ENJOY another chocolate bar. It could help a Ghanaian farmer. Drink another cup of decaf coffee. Cheer up a Brazilian coffee-bean picker.

While the industrial nations have been worrying about the rise in commodity prices because of its potential for boosting inflation, many third-world nations have been delighted at the trend.

Ronald Duncan, chief of the commodities division at the World Bank, estimates that the average rise in commodity prices so far this year of 15.8 percent against last year's average price will mean an extra $10 billion or so for the developing countries.

The drought in the western United States prompts financial conniptions in Chicago commodity markets, depending on whether it rains or not. Soybeans climbed $1.57 a bushel in June to $8.56, the highest average price since May 1977. The average June corn price hit $2.43 a bushel, up 48 cents from May; wheat was up 51 cents to $3.50 a bushel.

``Food-price inflation can have an impact on overall spending simply because food consumption is not postponable,'' notes Wall Street economist Sam Nakagama. ``People have to eat two or three times a day just to stay alive and keep working ... a steep rise in food prices can depress spending for nonfood items.''

An early impact has been weakness in meat prices as farmers bring their livestock to market rather than trying to feed them in dry pastures or with expensive corn and other feeds. Eventually, as the supply of meat declines, meat prices also should rise along with grain, soybean, corn prices.

But Mr. Nakagama suspects that the inflationary impact of rising food prices may be less than it used to be because of deregulation and the weakening of labor unions. Cost-of-living clauses in collective bargaining agreements are less effective than in the 1970s. Big Labor has trouble demanding large pay increases.

For developing countries, higher commodity prices won't put life on Easy Street. For some countries, though, it should make exports more lucrative and help them service their debts.

For example, copper prices are up this year 35.6 percent from last year. That provides a boost to Chile, Zambia, and Zaire.

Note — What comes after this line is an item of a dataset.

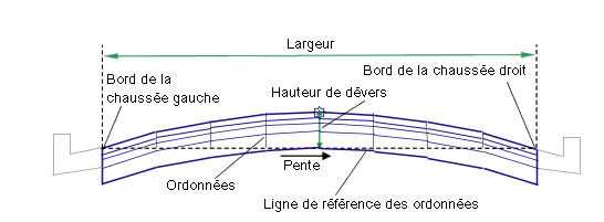 % pente de la ligne de référence des ordonnées entre le bord de chaussée gauche et le bord de chaussée droite |
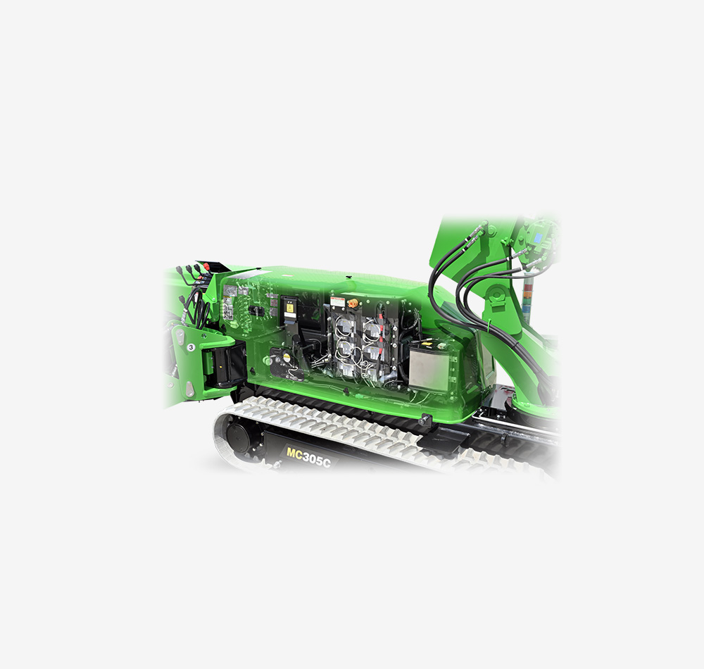最大張出時には最大性能での作業が可能となり、狭所でも高い作業効率と安全性を両立します。

Guyana in South America and Jamaica in the Caribbean will benefit from higher aluminum prices. Argentina will welcome higher prices for its grains and soybeans, especially considering its huge debts. Malaysia and Indonesia are stepping up their production of latex rubber gloves, a business stimulated by the AIDs scare. Poverty-stricken Bangladesh is happy about the rise in price of jute from $323 a ton last year to $370 this year. The Philippines and several Caribbean islands are pleased at the jump in the wholesale price of sugar on the free market from an average 8.8 cents last year to 12 cents last week.

The World Bank's commodity price index, constructed to reflect developing country exports, is back up to its level in the first half of 1981.

But cocoa and coffee prices haven't done so well, and these are important to some of the poorest nations in Africa and elsewhere. Cocoa costs $1.76 a kilo this year, compared to $2.07 in 1986. As a result of reform in the government farm policies of Ghana and Nigeria, production has jumped decidedly, pushing down prices. This decline has especially hurt cocoa farmers in neighboring Cameroon and Ivory Coast, nations where the domestic currencies are pegged to the rising French franc.

So have a hot chocolate! Try that mocha dessert!